═════ Information provided

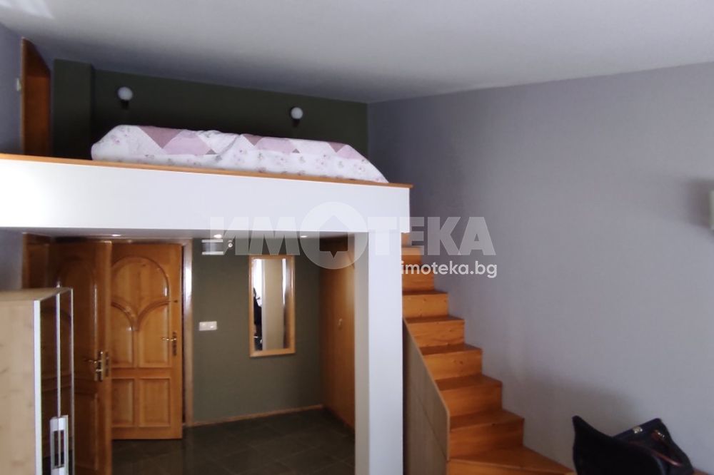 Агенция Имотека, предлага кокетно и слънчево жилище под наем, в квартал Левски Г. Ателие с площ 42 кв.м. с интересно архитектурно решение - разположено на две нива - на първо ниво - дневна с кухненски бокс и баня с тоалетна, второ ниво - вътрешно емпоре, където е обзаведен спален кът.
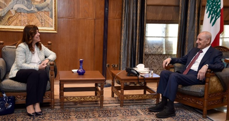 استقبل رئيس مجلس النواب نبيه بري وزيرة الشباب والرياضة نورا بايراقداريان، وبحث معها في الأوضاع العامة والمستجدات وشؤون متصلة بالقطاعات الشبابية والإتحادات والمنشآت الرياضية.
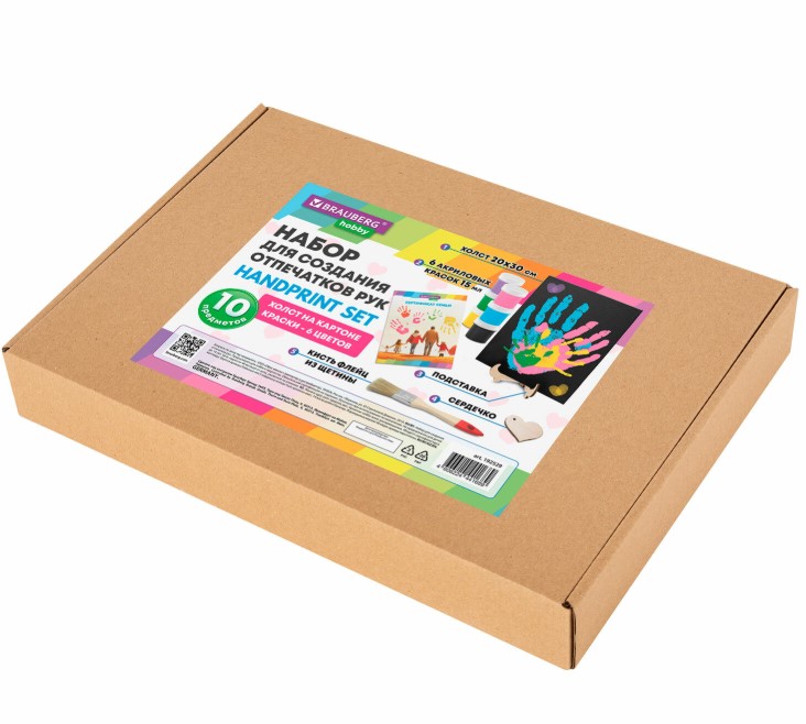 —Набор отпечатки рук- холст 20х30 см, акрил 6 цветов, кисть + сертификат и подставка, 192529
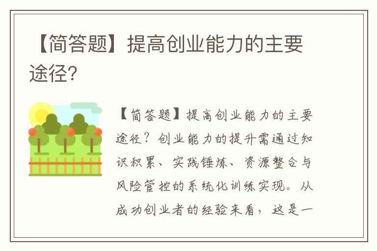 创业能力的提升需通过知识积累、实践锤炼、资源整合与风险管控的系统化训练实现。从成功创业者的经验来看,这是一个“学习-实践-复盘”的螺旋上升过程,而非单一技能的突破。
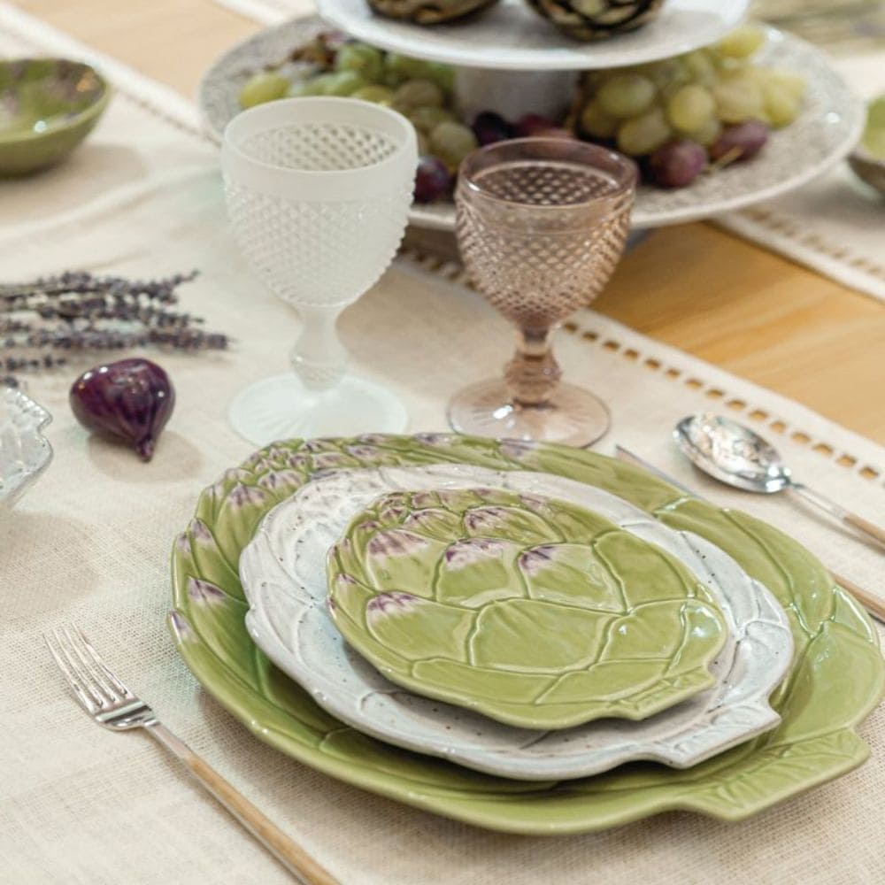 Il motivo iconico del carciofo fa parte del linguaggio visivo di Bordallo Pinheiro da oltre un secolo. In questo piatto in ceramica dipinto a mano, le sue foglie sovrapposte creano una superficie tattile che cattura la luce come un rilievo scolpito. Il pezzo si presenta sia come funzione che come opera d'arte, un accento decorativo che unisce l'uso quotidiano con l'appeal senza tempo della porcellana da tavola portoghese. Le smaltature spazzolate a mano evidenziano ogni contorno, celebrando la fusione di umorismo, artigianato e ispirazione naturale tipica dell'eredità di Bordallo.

══════════

◆ Directions ◆
Your task is to repeat exactly the lines from the beginning of the data to the line that contains "استقبل رئيس مجلس", both ends included, leaving out pictures.

◆ Result for this exercise ◆
 Агенция Имотека, предлага кокетно и слънчево жилище под наем, в квартал Левски Г. Ателие с площ 42 кв.м. с интересно архитектурно решение - разположено на две нива - на първо ниво - дневна с кухненски бокс и баня с тоалетна, второ ниво - вътрешно емпоре, където е обзаведен спален кът.
 استقبل رئيس مجلس النواب نبيه بري وزيرة الشباب والرياضة نورا بايراقداريان، وبحث معها في الأوضاع العامة والمستجدات وشؤون متصلة بالقطاعات الشبابية والإتحادات والمنشآت الرياضية.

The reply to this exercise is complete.